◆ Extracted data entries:
((

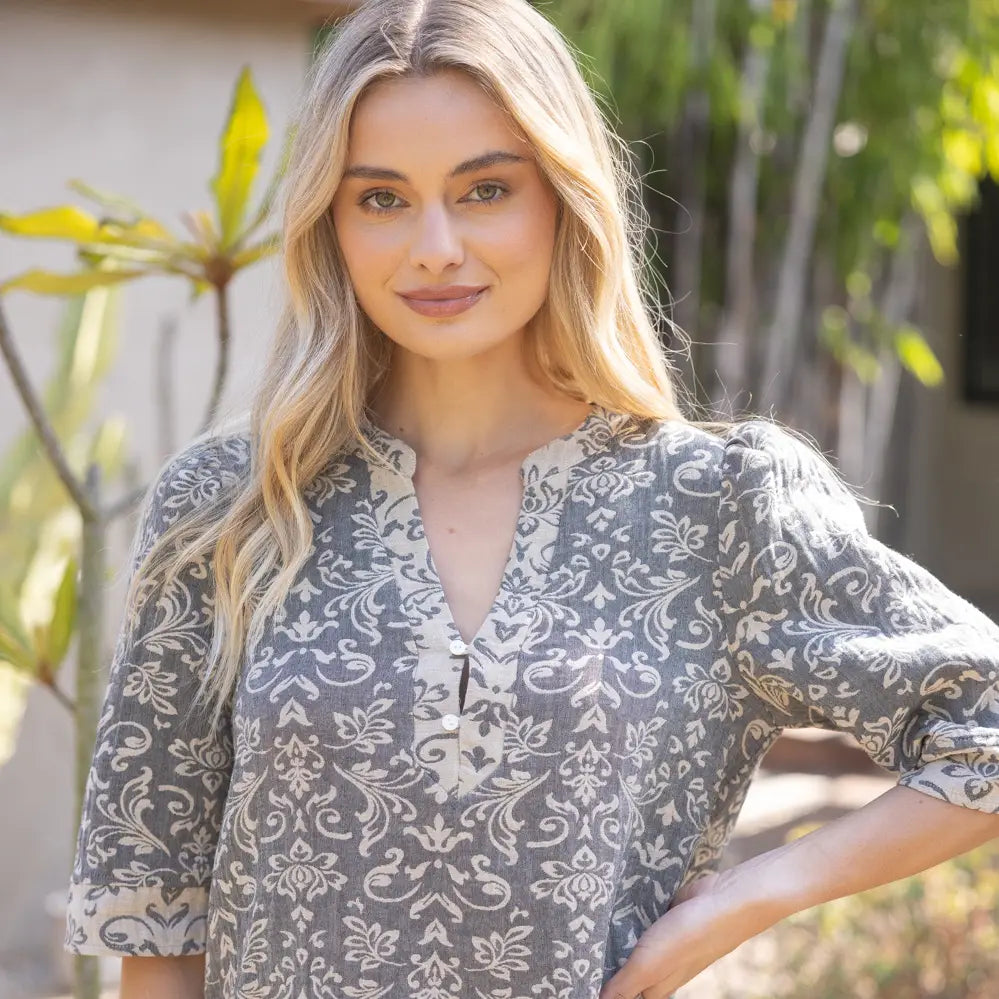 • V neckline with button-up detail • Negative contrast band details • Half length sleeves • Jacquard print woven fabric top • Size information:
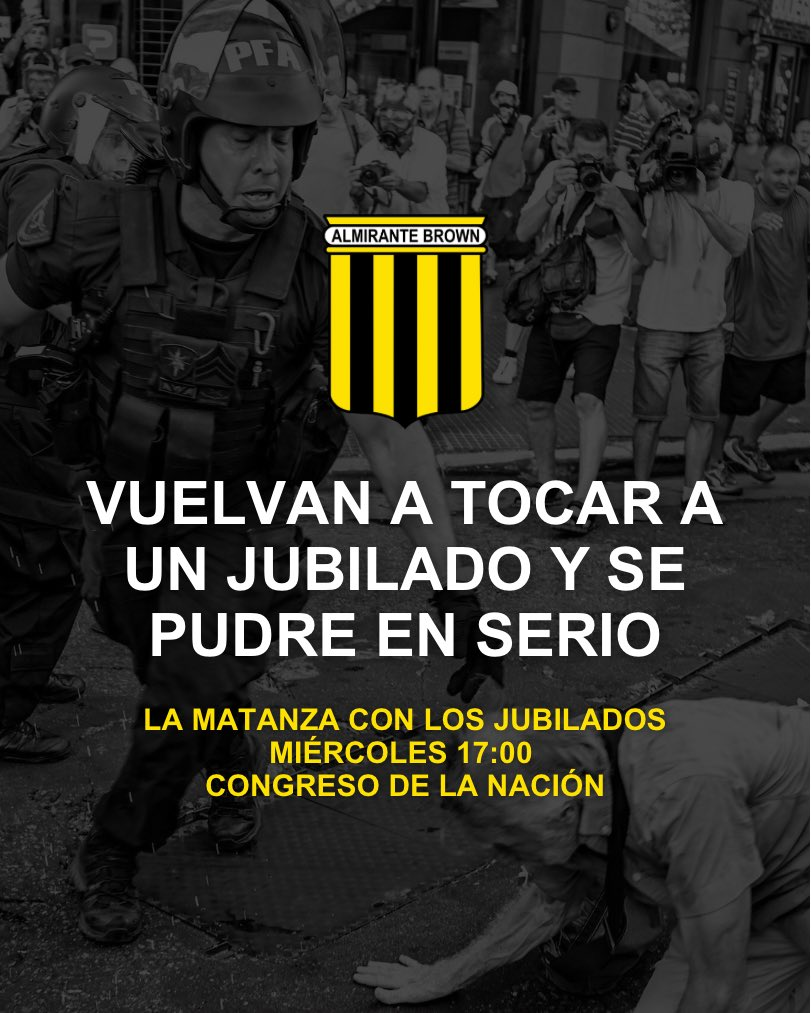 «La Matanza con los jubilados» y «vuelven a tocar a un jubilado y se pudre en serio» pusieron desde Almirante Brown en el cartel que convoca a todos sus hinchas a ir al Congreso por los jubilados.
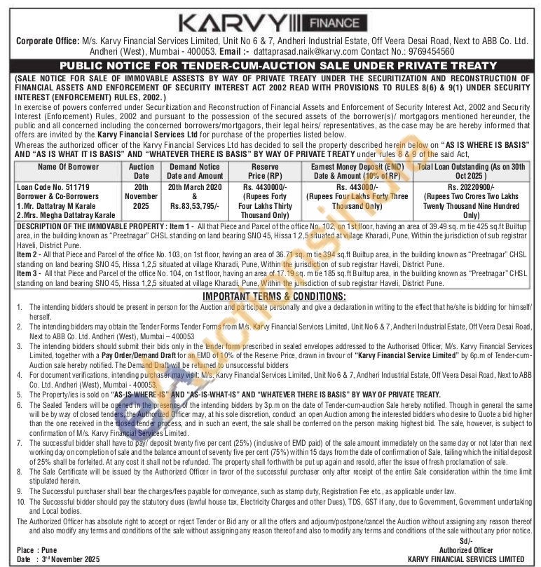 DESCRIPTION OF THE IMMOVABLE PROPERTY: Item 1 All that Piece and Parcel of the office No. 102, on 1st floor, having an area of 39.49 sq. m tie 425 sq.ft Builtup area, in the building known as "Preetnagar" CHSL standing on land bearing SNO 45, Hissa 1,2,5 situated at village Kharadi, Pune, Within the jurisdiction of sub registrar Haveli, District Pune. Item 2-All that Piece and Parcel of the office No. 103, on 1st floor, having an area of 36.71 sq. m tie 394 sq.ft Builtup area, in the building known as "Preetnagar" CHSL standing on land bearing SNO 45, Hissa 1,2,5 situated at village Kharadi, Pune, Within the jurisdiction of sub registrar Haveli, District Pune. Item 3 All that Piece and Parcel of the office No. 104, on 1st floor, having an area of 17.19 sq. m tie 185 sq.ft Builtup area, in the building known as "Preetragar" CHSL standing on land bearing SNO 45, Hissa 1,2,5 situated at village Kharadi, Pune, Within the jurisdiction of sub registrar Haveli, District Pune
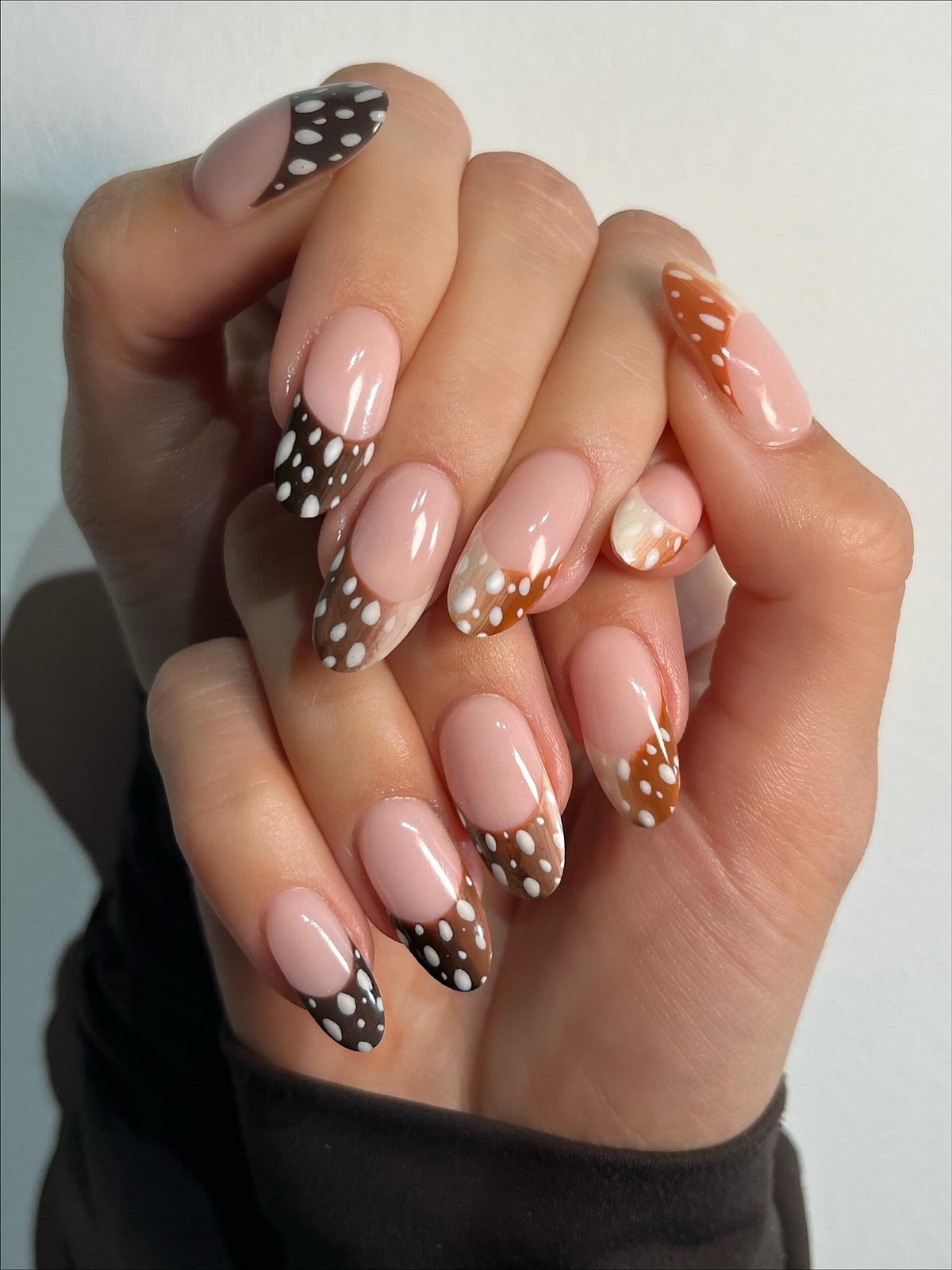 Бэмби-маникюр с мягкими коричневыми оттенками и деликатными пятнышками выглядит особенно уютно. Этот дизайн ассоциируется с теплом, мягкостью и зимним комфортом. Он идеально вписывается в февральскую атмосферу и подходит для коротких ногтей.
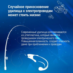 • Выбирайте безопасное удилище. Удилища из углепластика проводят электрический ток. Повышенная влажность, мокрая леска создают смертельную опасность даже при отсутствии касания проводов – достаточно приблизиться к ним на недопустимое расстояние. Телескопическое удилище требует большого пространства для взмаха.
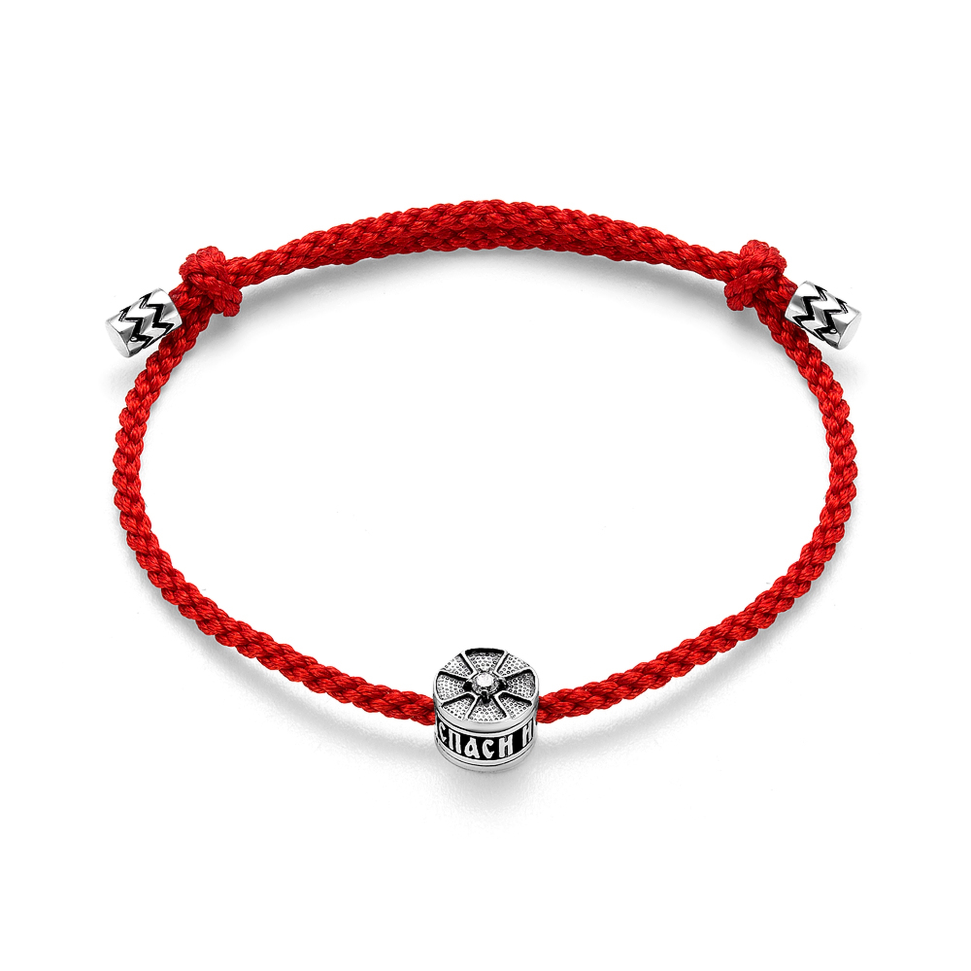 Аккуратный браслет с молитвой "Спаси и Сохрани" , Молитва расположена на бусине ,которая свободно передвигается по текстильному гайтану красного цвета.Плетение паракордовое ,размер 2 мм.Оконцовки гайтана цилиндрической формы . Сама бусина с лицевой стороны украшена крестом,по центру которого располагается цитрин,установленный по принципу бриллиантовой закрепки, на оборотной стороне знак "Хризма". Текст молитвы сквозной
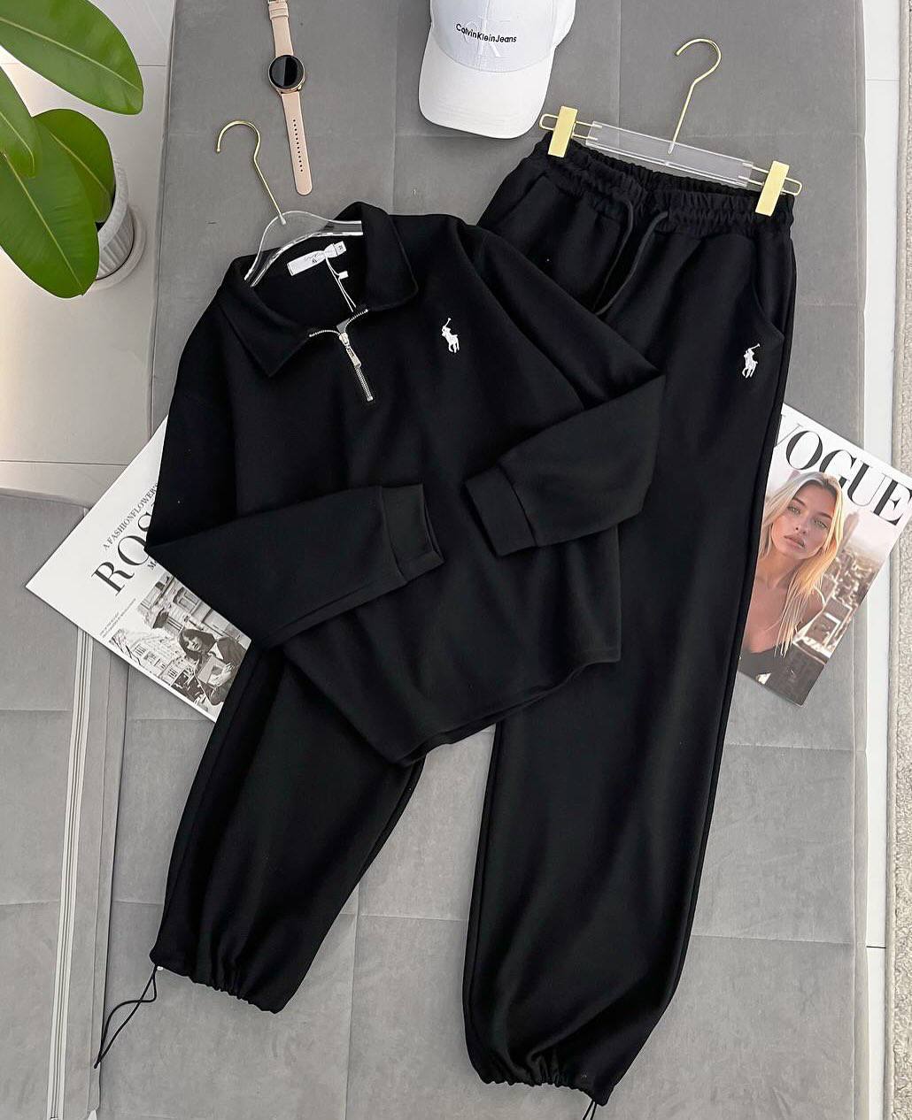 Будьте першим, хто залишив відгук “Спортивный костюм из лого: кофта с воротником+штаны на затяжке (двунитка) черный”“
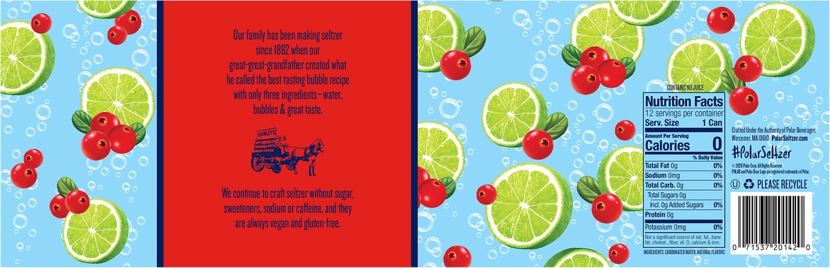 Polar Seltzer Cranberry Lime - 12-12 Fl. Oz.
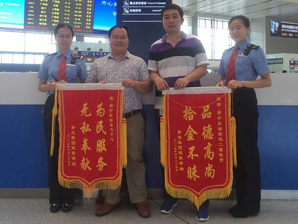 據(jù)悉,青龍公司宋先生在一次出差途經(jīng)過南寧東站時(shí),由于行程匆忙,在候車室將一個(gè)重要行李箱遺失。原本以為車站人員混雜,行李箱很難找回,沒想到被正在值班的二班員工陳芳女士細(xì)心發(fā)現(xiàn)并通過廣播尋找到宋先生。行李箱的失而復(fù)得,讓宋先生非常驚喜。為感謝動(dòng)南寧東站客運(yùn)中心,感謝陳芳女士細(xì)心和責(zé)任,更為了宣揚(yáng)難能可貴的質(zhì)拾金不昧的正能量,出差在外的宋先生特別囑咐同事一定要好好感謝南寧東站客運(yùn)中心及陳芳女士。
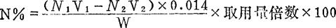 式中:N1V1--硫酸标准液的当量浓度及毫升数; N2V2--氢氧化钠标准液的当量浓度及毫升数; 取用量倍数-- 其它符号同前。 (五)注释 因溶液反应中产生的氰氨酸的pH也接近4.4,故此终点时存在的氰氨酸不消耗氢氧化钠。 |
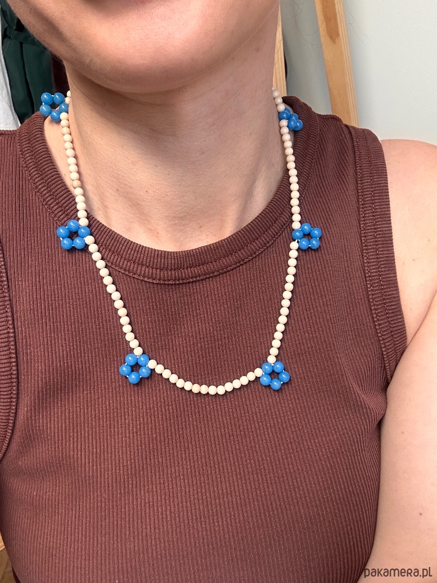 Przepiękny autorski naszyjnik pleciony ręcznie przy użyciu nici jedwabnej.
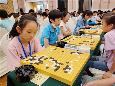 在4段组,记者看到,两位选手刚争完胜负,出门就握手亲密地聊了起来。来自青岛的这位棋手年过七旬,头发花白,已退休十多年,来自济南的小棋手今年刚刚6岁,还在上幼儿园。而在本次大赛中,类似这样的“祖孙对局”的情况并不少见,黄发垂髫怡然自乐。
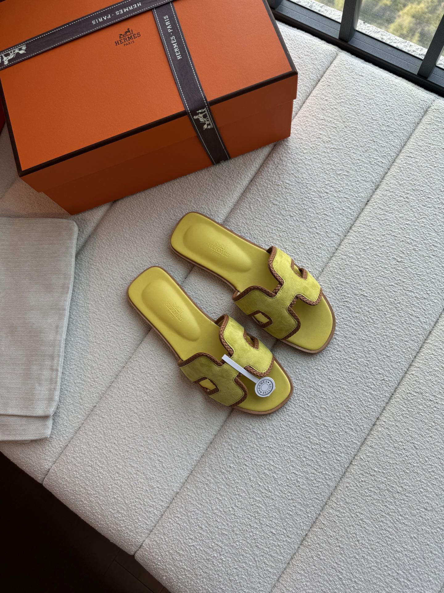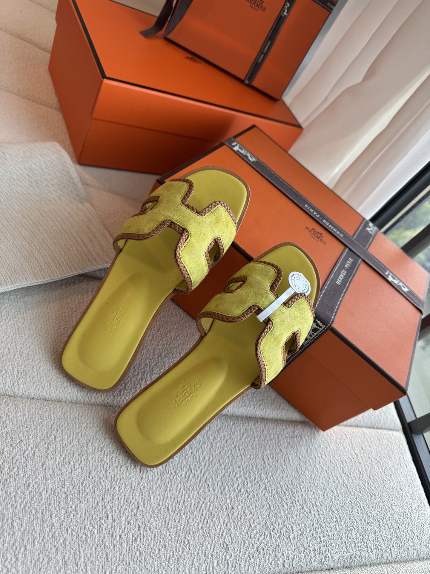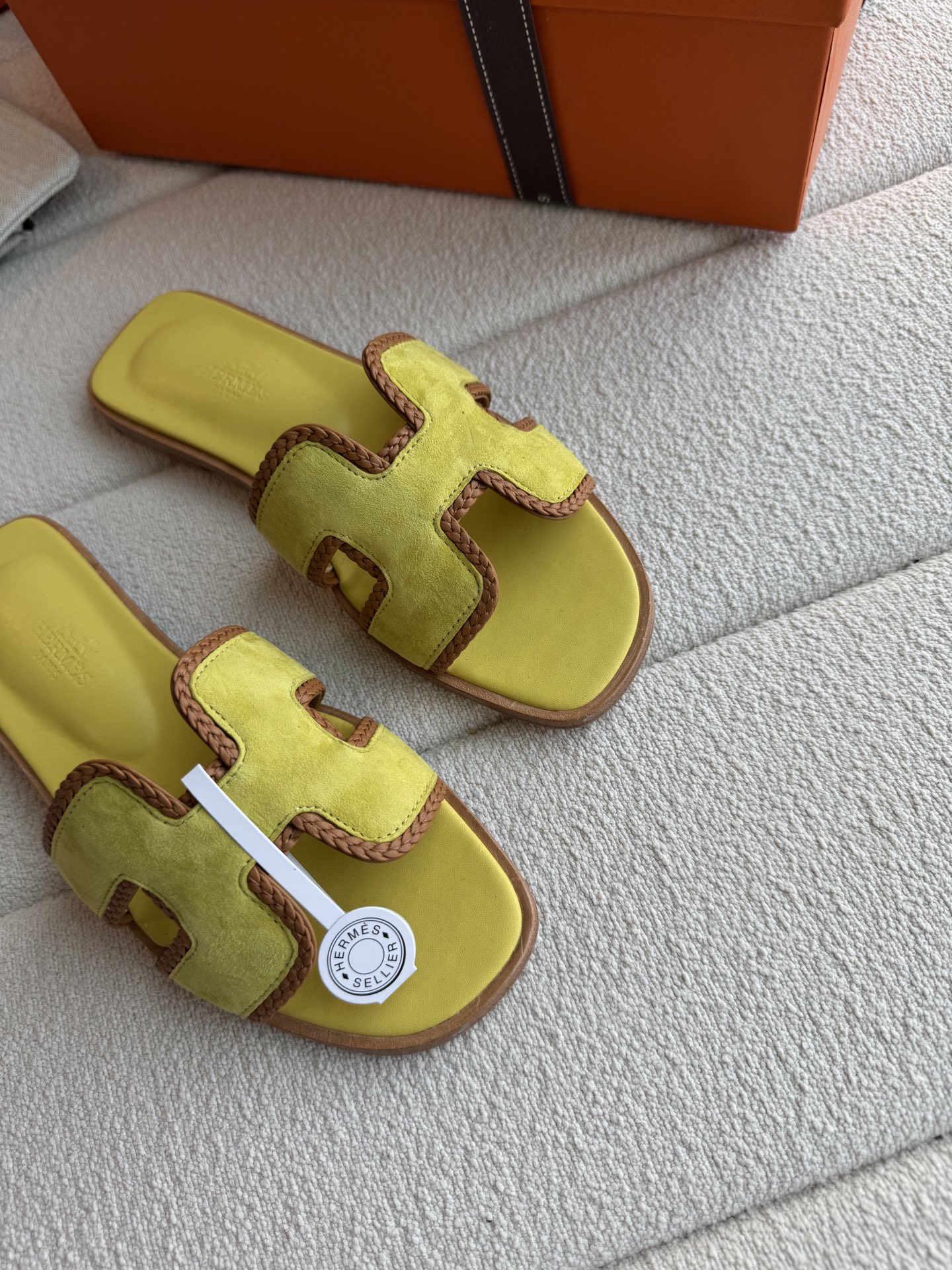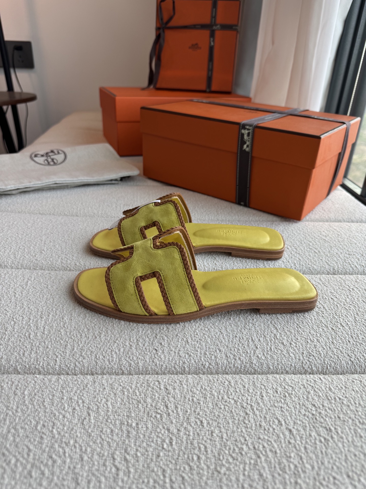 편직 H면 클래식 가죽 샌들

))

◆ TASK INSTRUCTIONS:
The range runs from the line containing "在4段组,记者看到,两位选手" through the end of the entries; print those lines exactly and leave the pictures out.

◆ TASK ANSWER:
 在4段组,记者看到,两位选手刚争完胜负,出门就握手亲密地聊了起来。来自青岛的这位棋手年过七旬,头发花白,已退休十多年,来自济南的小棋手今年刚刚6岁,还在上幼儿园。而在本次大赛中,类似这样的“祖孙对局”的情况并不少见,黄发垂髫怡然自乐。
 편직 H면 클래식 가죽 샌들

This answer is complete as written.